Dr. Larsen Awarded Grants to Boost Diversity in Neurosurgery

Alexandra Giantini Larsen, MD, a fourth-year resident in neurosurgery, has been awarded grants from the Congress of Neurological Surgeons (CNS) and NewYork-Presbyterian’s Health Justice in Action (HJA) Fund. Both grants are in support of Dr. Larsen’s efforts to increase diversity in neurosurgery by reaching out to high school students to encourage and motivate them toward careers in medicine.

Under the mentorship of Dr. Caitlin Hoffman, the Department of Neurosurgery’s diversity and inclusion champion, Dr. Larsen has designed a summer program for high school students with an interest in science, technology, engineering, and mathematics (STEM). “Increasing ethnic and racial diversity in neurosurgery is paramount to rectifying health care disparities and decreasing health inequity,” says Dr. Giantini Larsen. “It is vital we cultivate a workforce that is representative of the patients that we treat.”

“As international leaders in the field, we take very seriously our responsibility to train the next generation of neurosurgeons,” says Dr. Philip E. Stieg, the Margaret and Robert J. Hariri, MD ’87, PhD ’87 Professor of Neurological Surgery, Chairman of Neurological Surgery, and Neurosurgeon-in-Chief of NewYork-Presbyterian/Weill Cornell Medical Center. “I’m delighted by these grants, which recognize the important work Dr. Hoffman and Dr. Larsen are doing to deliver on our commitment to foster diversity, to ensure that future neurosurgeons better represent the populations we serve.”

Dr Caitlin Hoffman speaks at East Harlem School, March 2023

Dr. Caitlin Hoffman spoke to students at East Harlem School on March 9, 2023, about careers in medicine. East Harlem School is one of the schools that will send students to the summer program funded by Dr. Giantini Larsen's grant awards.

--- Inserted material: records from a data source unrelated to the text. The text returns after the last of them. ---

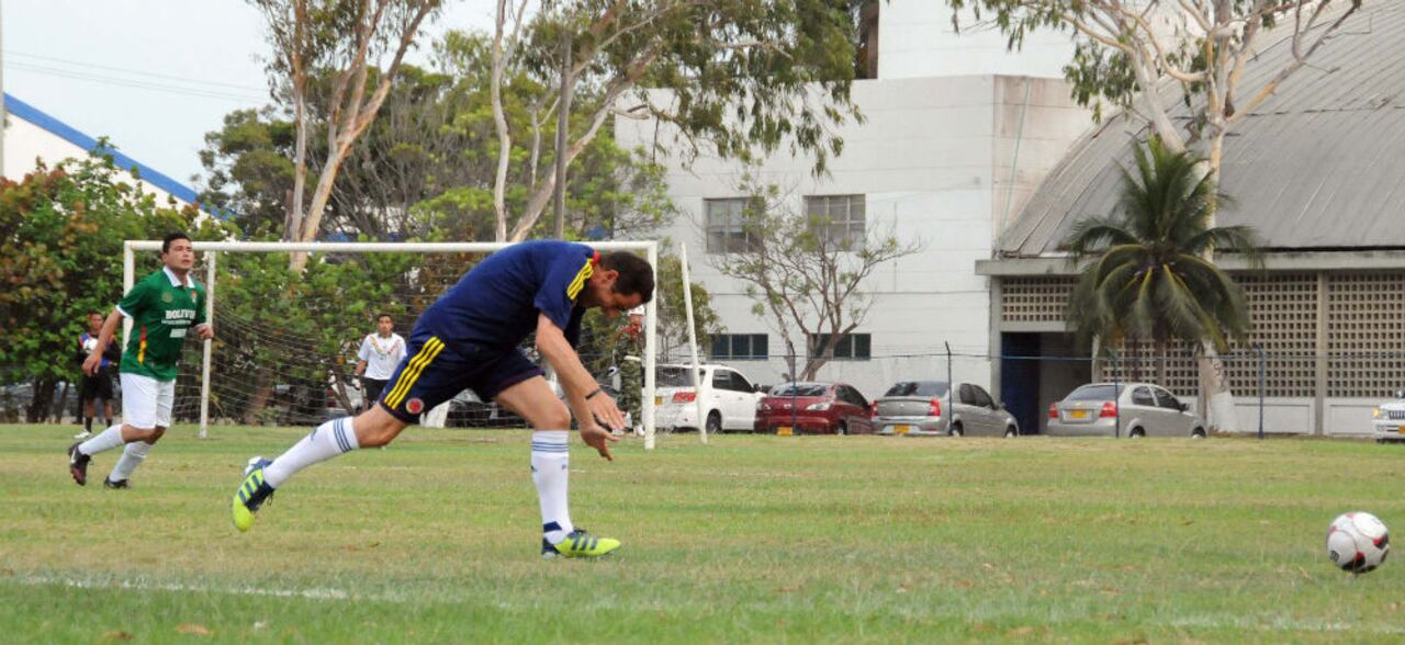 El capitán colombiano, Juan Manuel Santos, tuvo que abandonar el partido por compromisos de Estado. Motivó al resto del equipo para conseguir la victoria.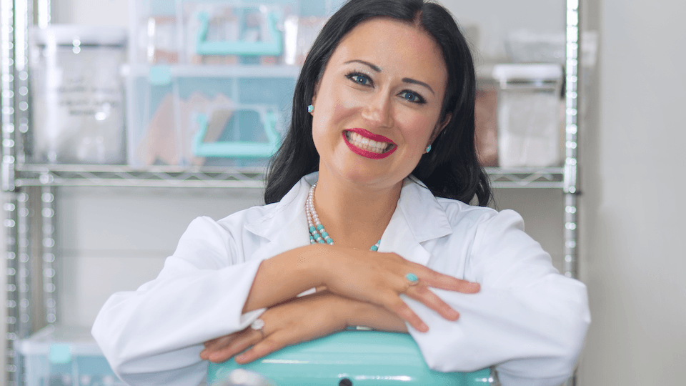 Spira Farms sits on rows of storage shelves - small trays of plants with LED lights over them.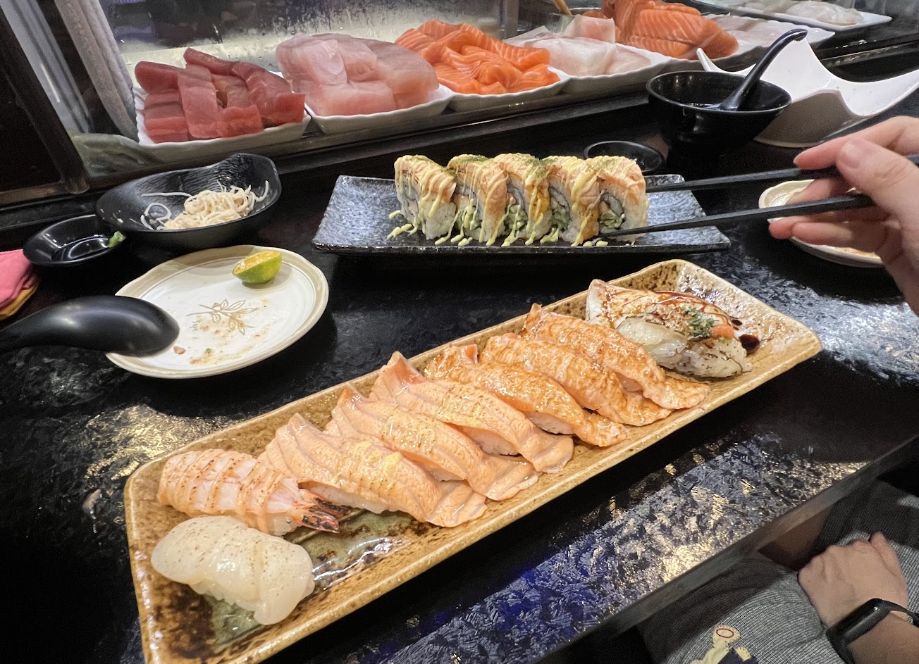 焦糖鮭魚、炙燒鮭魚起司捲好吃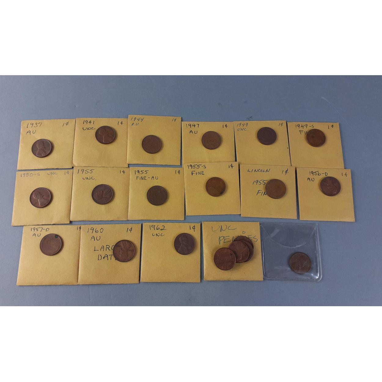 A selection of collectable UNITED STATES one Cent Lincoln Head coins. All in good collectable grades. Some appear uncirculated to include 1937, 1941, 1944, 1949, 1949s, 1950s, 1955 x 2, 1955s x 2, 1956d, 1957d, 1960 and 1962. A lovely little collection for the US enthusiast!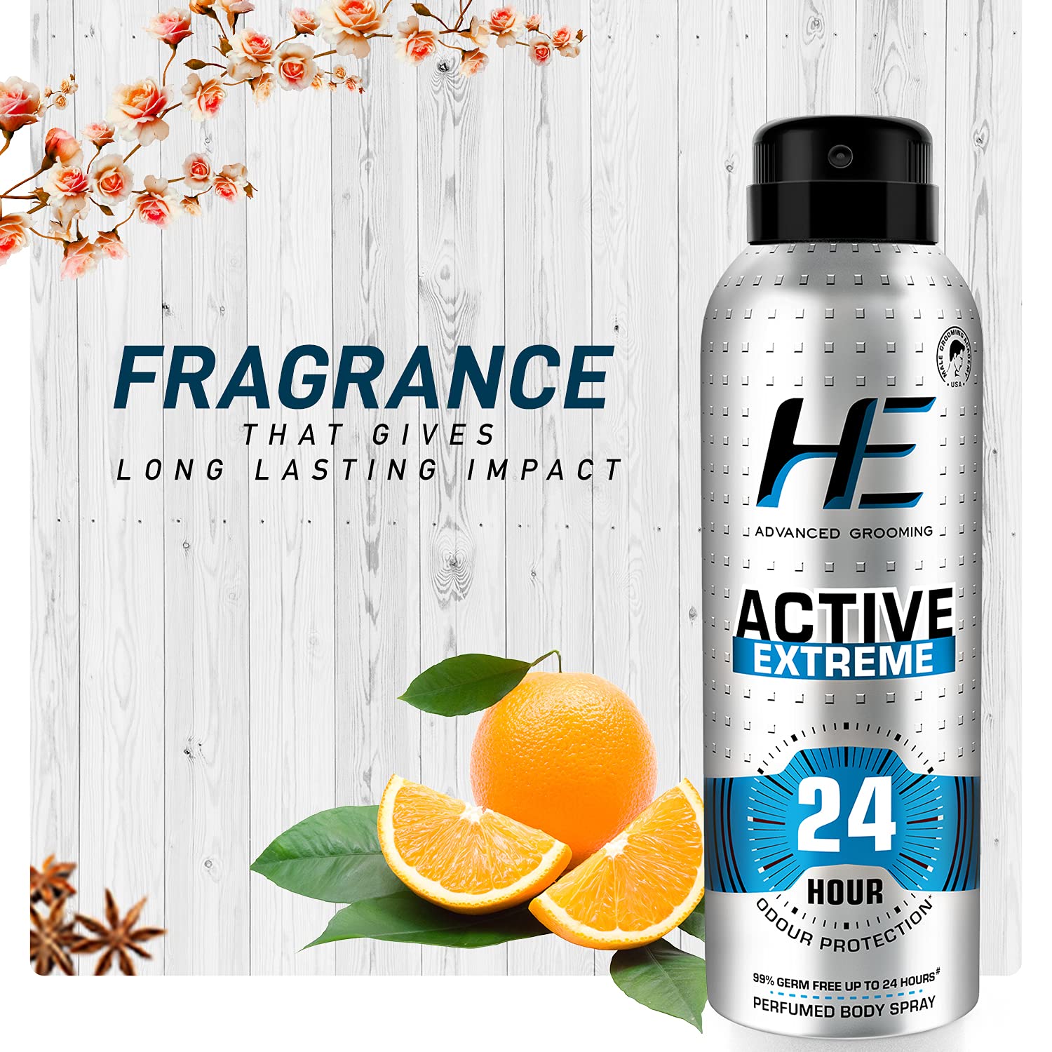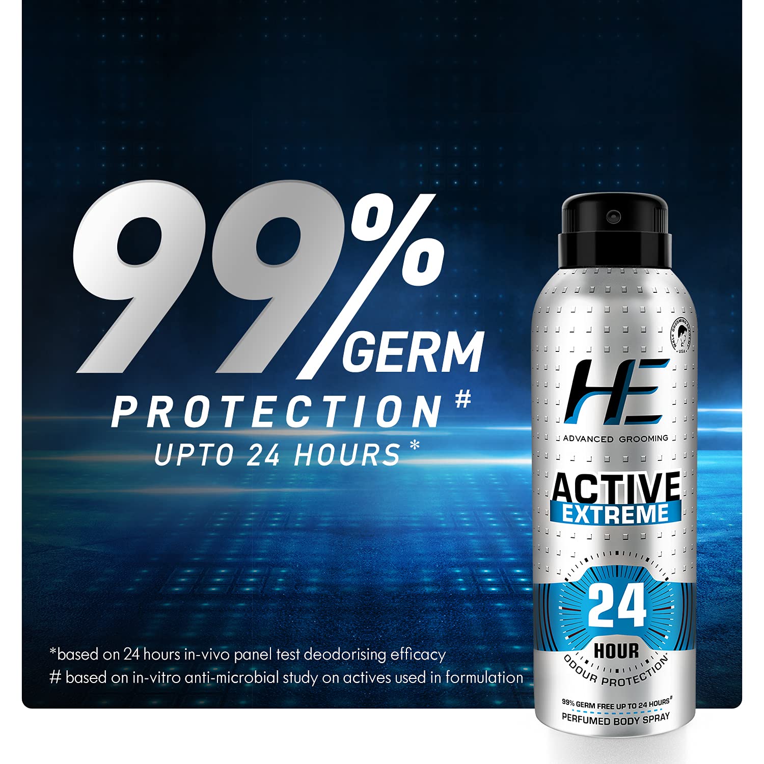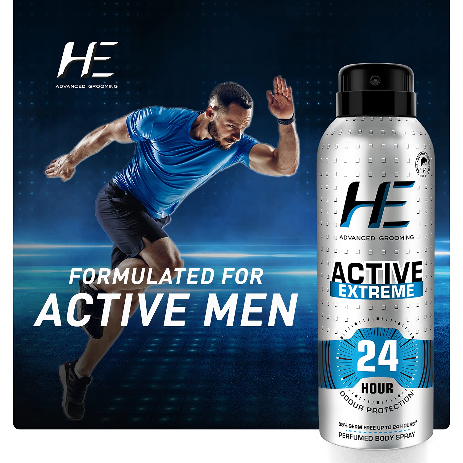HE Active Extreme Perfumed Body Spray 150ml for Today’s Active Men, 24 Hour Odor Protection* 99% Germ Free up to 24 hours

The summer program consists of two parts, starting with a one-day intensive session funded by the Dalio Center for Health Justice and NYPH Graduate Medical Education “Health Justice in Action” award. The Congress of Neurological Surgeons’ “DEI Pilot Project Award in Diversity, Equity, and Inclusion” will fund the following four weeks of the program. The programs are focused on exposure to neurosurgery for New York City public high school students from groups traditionally underrepresented in medicine. Both programs will have a lecture, practical, and mentorship component, and will focus on keeping these students in the pipeline toward medical education.

Students will be paired with near-peer mentors (junior attendings, residents, and medical students), to provide ongoing support. The programs aim to address current disparities in access to medical education by targeting modifiable factors, including exposure, connections, dispelling misconceptions, and knowledge of the application process, within a local pipeline cohort.

The curriculum will be based on a modified version of the PRiMES mentorship program, which was founded by Dr. Hoffman and former resident Benjamin Hartley, MD, in 2018.  PRiMES was designed to mentor college students to help them prepare for successful application and matriculation into medical school.